Indiana University Refers to Cop Killer Assata Shakur as a ‘Social Activist’

“The post features a picture of the autobiography’s cover, which promotes a foreword by self-described communist Angela Davis, who also appeared on the FBI’s Most Wanted List.”

A department at the school put her autobiography on a recommended reading list. Colleges are trying to revoke the degrees of people who served in the Trump administration and Assata Shakur gets book recommendations.

Campus Reform reports:

IU refers to known terrorist as ‘social activist’

The Indiana University Department of Information and Library Science recommended that students read the autobiography of known terrorist Assata Shakur, referring to her instead as a “social activist.” In a post on its official Instagram account, the department stated that the biography is part of the “Winter Reading List.”

“This book is an autobiography of Assata Shakur, social activist and former member of the Black Liberation Army, as well as the godmother of Tupac Shakur,” the post stated.
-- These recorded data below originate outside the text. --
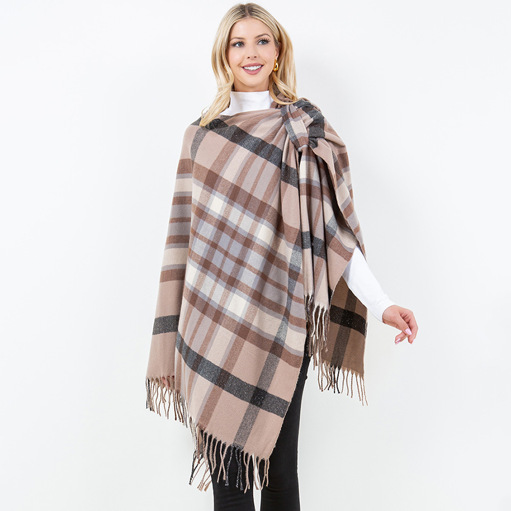 • Wrap yourself in comfort and timeless style with this plaid oversized shawl. Designed with soft fringe detailing, it can be worn as a wrap, poncho, or scarf. Perfect for layering over casual or dressy outfits, it adds warmth and chic flair to any ensemble.
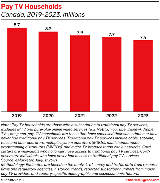 Looking ahead: Pay TV households will continue to decline in Canada. By 2025, we predict that just 7.0 million households will maintain pay TV subscriptions, a total share of 43.1% of all households.
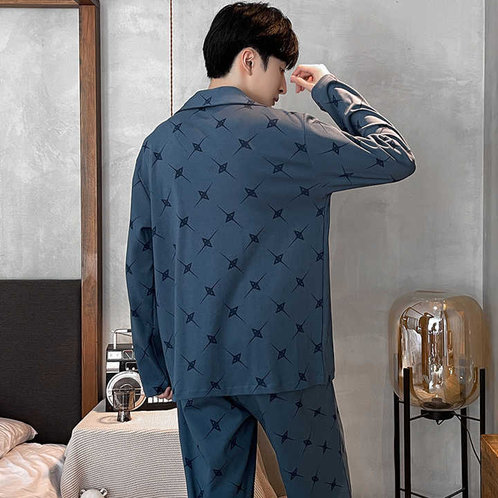 Spring and Autumn Men's Cotton Night Suit Long Sleeve Jacket Pants Men's Cotton Pajamas Lapel Casual Plus Size Sleepwear

The post features a picture of the autobiography’s cover, which promotes a foreword by self-described communist Angela Davis, who also appeared on the FBI’s Most Wanted List.
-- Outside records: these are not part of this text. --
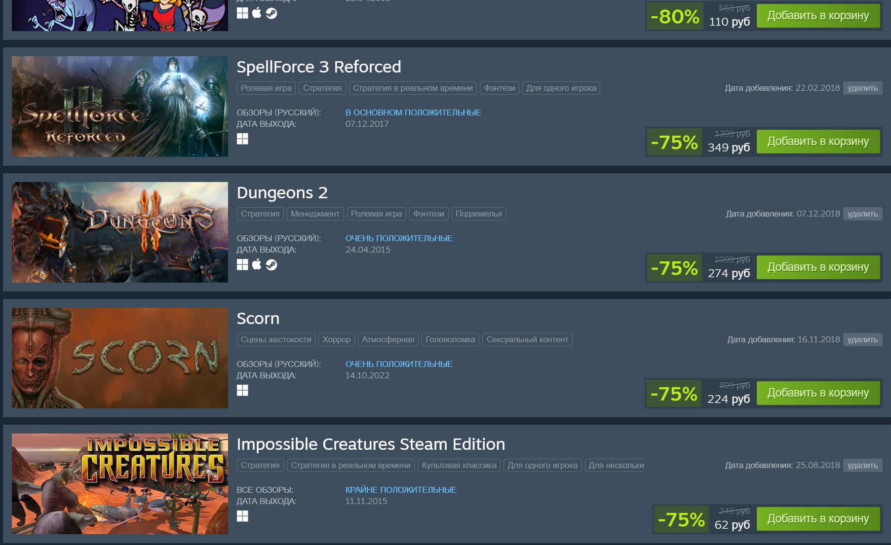 >>6059661 А, ты из этих, кто познает мир через нейронки. Ладно, давай помогу тебе. Процентов 80 здесь всякий порно-мемный-нейронный-нонейм мусор, который даже бесплатно добавлять в библиотеку зашквар. Все остальное либо старье мамонта по 90% скидке, которое скорее всего на новых компах и не запустится даже, либо очень популярные лоупрайс тайтлы, которые все и так давно купили, либо новые и относительно новые игры 4к гейминг без учета длс. На 1.5к разве что повезет хоть 1-2 нормальных, чуть постаревших игр относительно урвать. Либо новое длс на скачи мочи на корабликах, которое вышло недавно. .
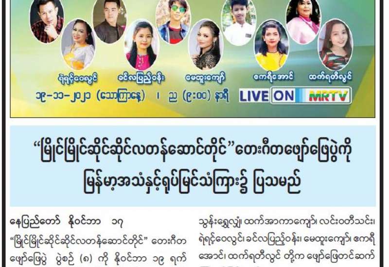 အမျိုးသားစာပေဆုစိစစ်ရွေးချယ်ရေးကော်မတီသည် ပြည်ထောင်စုသမ္မတမြန်မာနိုင်ငံတော်တွင် မြန်မာစာပေ အကျိုးကို ထူးချွန်ပြောင်မြောက်စွာ တစ်သက်တာလုံး ကြိုးပမ်းရေးသားပြုစုခဲ့သူများအား လေးစားအသိ အမှတ်ပြု သောအားဖြင့် ၂၀၂၀ ပြည့်နှစ်အတွက် အမျိုးသားစာပေဆုများ ပေးအပ်နိုင်ရေး စိစစ်ရွေးချယ် ထုတ်ပြန်ခဲ့ရာ ဆုရရှိသော စာရေးဆရာကြီးများအား မြန်မာ့အလင်းက ဆက်လက်တွေ့ဆုံဂါ ရဝပြုမေးမြန်း ခဲ့သည်။
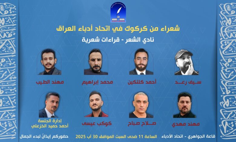يضيّف نادي الشعر في الاتحاد العام للأدباء والكتاب في العراق، يوم السبت المقبل، عدداً من شعراء كركوك، بجلسة تتضمن قراءات شعرية متنوعة، وهي في إطار جلسات خصصت للاحتفاء بمبدعي المحافظات.

Davis is a frequent campus speaker, as Campus Reform has noted.

Assata Shakur, whose actual name is Joanne Deborah Chesimard, became the first woman in 2013 to make the FBI’s Most Wanted Terrorists list. She is a convicted murderer, responsible for the 1973 death of a New Jersey state police officer. She is also a leader of the Black Liberation Army, a violent militant revolutionary movement responsible for the killing and wounding of more than a dozen law enforcement officers, the hijacking of Delta Flight 841, and numerous armed robberies and bombings, according to The New York Times.
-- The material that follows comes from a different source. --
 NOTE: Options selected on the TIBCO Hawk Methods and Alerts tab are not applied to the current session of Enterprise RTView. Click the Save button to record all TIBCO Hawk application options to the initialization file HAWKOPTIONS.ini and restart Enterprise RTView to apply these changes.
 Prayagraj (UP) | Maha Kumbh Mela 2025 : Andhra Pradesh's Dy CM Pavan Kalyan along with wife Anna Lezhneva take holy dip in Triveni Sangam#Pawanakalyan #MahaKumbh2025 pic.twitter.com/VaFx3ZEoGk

In 1973, Shakur murdered New Jersey State Trooper Werner Foerster, after the officer had pulled her over for driving with a faulty tail light. Four years later, in 1977, Shakur was convicted of first-degree murder, assault and battery of a police officer, assault with a dangerous weapon, assault with intent to kill, illegal possession of a weapon, and armed robbery. She was sentenced to life in prison.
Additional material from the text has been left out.